I would send an email to their warranty department and tell them what happened. They usually respond within a day or two. I had a few thing break from my union bindings from the force, strata, and atlas. They usually send a replacement at no charge, and if they do charge it’s not too expensiv.


----------



## DamonC (Apr 16, 2021)

q


Wngu said:


> I would send an email to their warranty department and tell them what happened. They usually respond within a day or two. I had a few thing break from my union bindings from the force, strata, and atlas. They usually send a replacement at no charge, and if they do charge it’s not too expensiv.


Filled out their warranty form anyway. Asked at the same time if they had advice for getting a replacement highback.
One thing I hadn't considered, are Union highbacks interchangeable at all?

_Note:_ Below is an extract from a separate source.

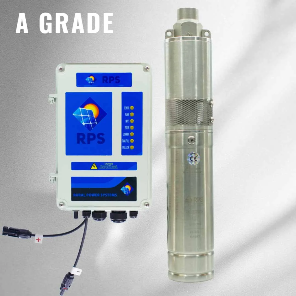 RPS’s wide range of solar water pumps suit just about every water pumping need from submersible to surface pumps up to 25HP. All of our pumps and components are Stainless Steel and made to last with a 2 Year Warranty and replaceable rotors for the life of your pump! Our kits come complete with Solar Panels and all components necessary for a full install: no ordering parts separately.

The Union site where it lists parts was sold out for everything. It directed me to he local distributor. They replied saying I should go to the shop where I bought them.

Trouble is, bought them when visiting the US. So that's not really possible in person, would also seem inefficient to buy a piece from another continent and have them ship it. Plus I think the shop doesn't exist anymore.

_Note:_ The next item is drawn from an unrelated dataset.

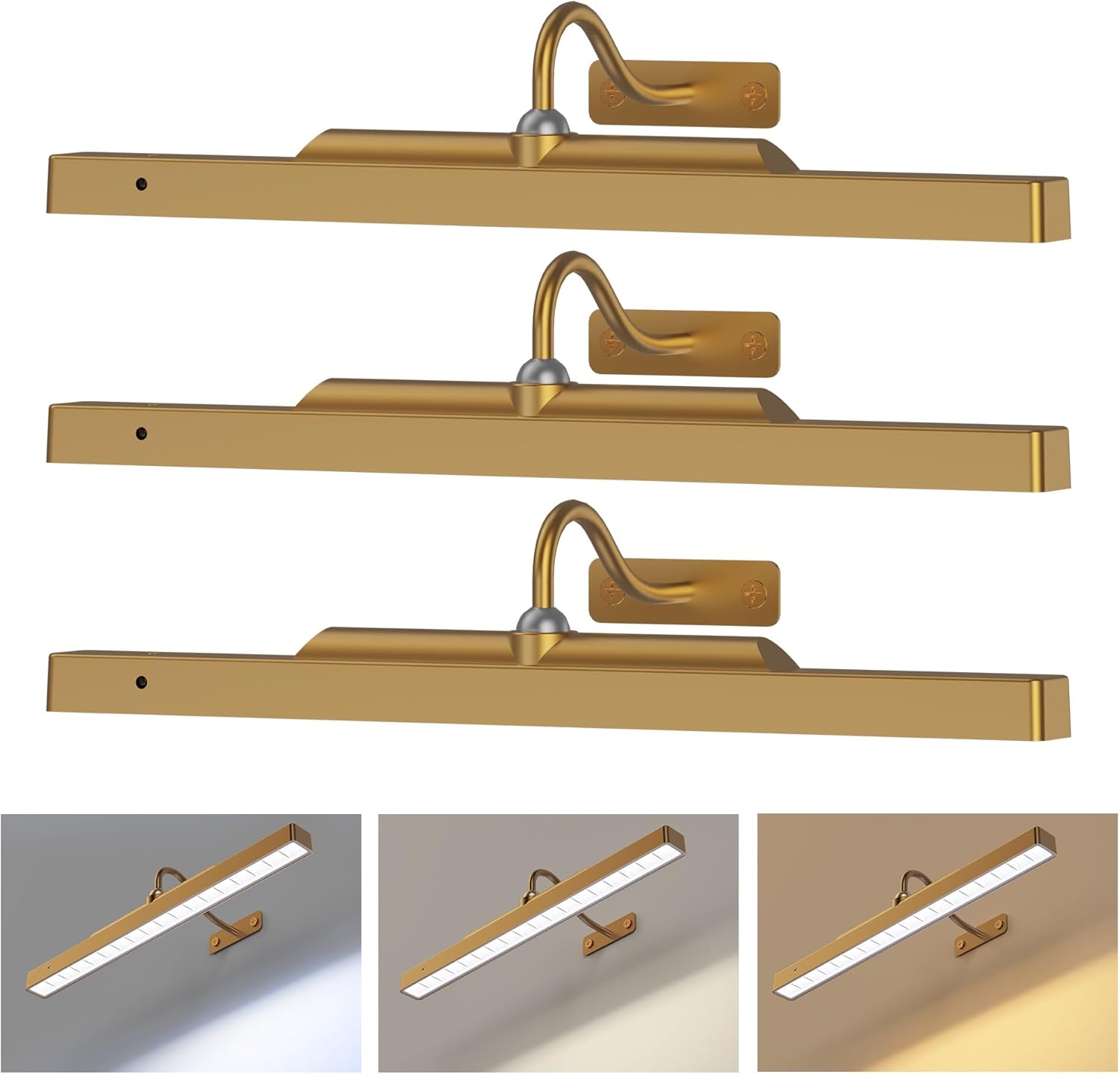 Craftersmark Picture Light Battery Rechargeable (3-Pack) with Remote, 3 Color Modes, Dimmable, Timer — Antique Gold

I also lost the heel strap (either walking from apartment to car or car to lift- not eady to find a white strap in snow). Got the same kind of attitude, that I couldn't buy parts locally I had to go to the same shop I bought it.
I've bought a bunch of stuff locally and travelled to another continent US/Canada or Japan...it's pretty crap to think I'd have to get a part shipped over from home rather than get help where you are.


----------



## DamonC (Apr 16, 2021)

.


----------



## Nomad1 (Apr 15, 2021)

I just realised i had duplicate profiles so my comment above some how came from the duplicate. I will sort that out but putting my comment here on the profile i will actually use

Filled out their warranty form anyway. Asked at the same time if they had advice for getting a replacement highback.
One thing I hadn't considered, are Union highbacks interchangeable at all?

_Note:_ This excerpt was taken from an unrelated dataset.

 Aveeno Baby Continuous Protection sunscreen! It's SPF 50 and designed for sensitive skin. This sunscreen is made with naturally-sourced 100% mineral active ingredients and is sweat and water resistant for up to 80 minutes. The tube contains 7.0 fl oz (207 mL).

The Union site where it lists parts was sold out for everything. It directed me to he local distributor. They replied saying I should go to the shop where I bought them.

Trouble is, bought them when visiting the US. So that's not really possible in person, would also seem inefficient to buy a piece from another continent and have them ship it. Plus I think the shop doesn't exist anymore.

I also lost the heel strap (either walking from apartment to car or car to lift- not eady to find a white strap in snow). Got the same kind of attitude, that I couldn't buy parts locally I had to go to the same shop I bought it.
I've bought a bunch of stuff locally and travelled to another continent US/Canada or Japan...it's pretty crap to think I'd have to get a part shipped over from home rather than get help where you are.


----------



## SkA (Jan 3, 2022)

I've bought the 2021 model last spring. I didn't notice this thread, and other claims on Evo.com, about the highback cracking issues until I already had them in my hand. I figured I'd just be careful what I do with them, and it should be fine. Sadly, I was grossly mistaken.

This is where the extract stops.